Effective in real-time decision making

Handles high-dimensional combat scenarios

Learns strategies without explicit rules

Abstract

Unmanned aircraft systems can perform some more dangerous and difficult missions than manned aircraft systems. In some highly complicated and changeable tasks, such as air combat, the maneuvering decision mechanism is required to sense the combat situation accurately and make the optimal strategy in real-time. This paper presents a formulation of a 3-D one-on-one air combat maneuvering problem and an approximate dynamic programming approach for computing an optimal policy on autonomous maneuvering decision making. The aircraft learns combat strategies in a Reinforcement Leaning method, while sensing the environment, taking available maneuvering actions and getting feedback reward signals.
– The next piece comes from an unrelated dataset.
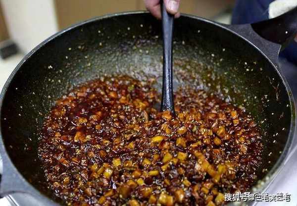 ,把所有的食材都熬干水分、熬至干香,酱料才会散发出浓郁的香味,出锅前
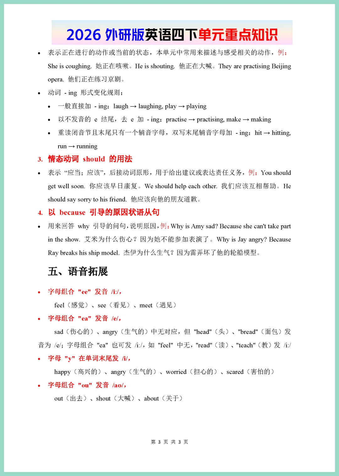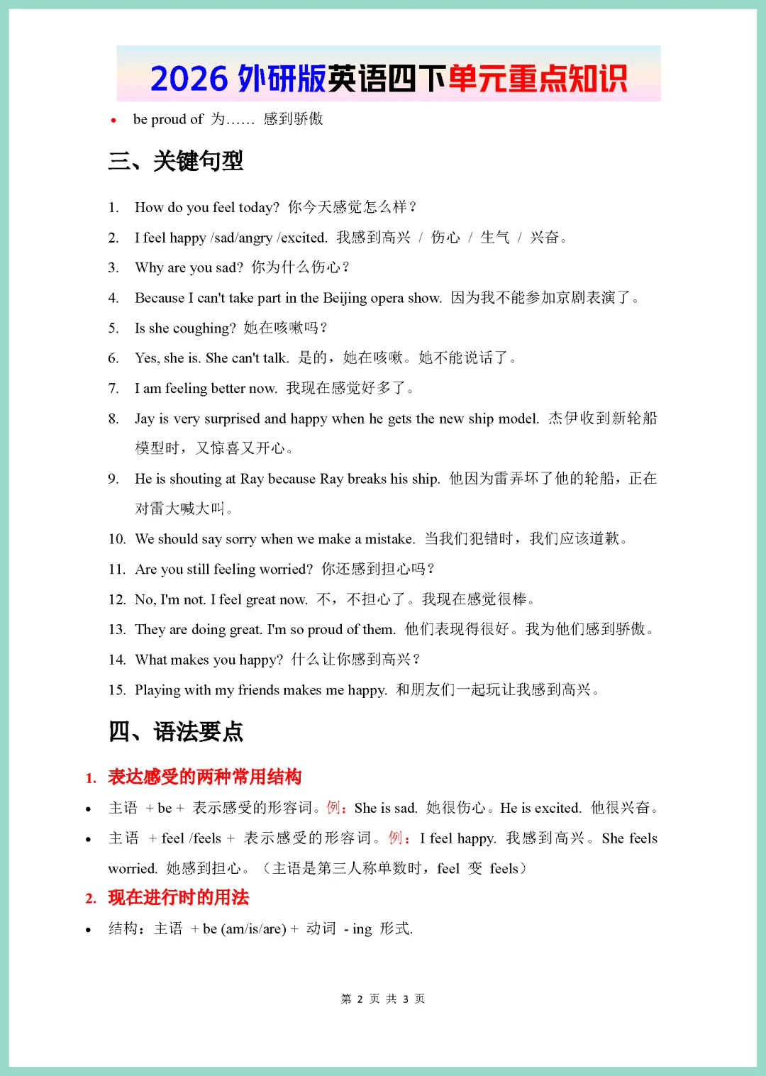各位家长看过来!2026 年春季外研版四年级下册英语第二单元重点知识整理好啦,全套共 3 页精华内容。这份资料紧扣教材,涵盖了本单元核心词汇、必背句型及语法难点,帮助孩子快速梳理知识脉络,轻松攻克学习盲区。无论是课前预习还是课后复习,都能让孩子事半功倍,扎实基础提分更有底气。资料已准备好,需要的家长抓紧打印给孩子练一练吧,新学期一起加油!

To solve the problem of dimensional explosion in the air combat, the proposed method is implemented through feature selection, trajectory sampling, function approximation and Bellman backup operation in the air combat simulation environment. This approximate dynamic programming approach provides a fast response to a rapidly changing tactical situation, learns in long-term planning, without any explicitly coded air combat rule base.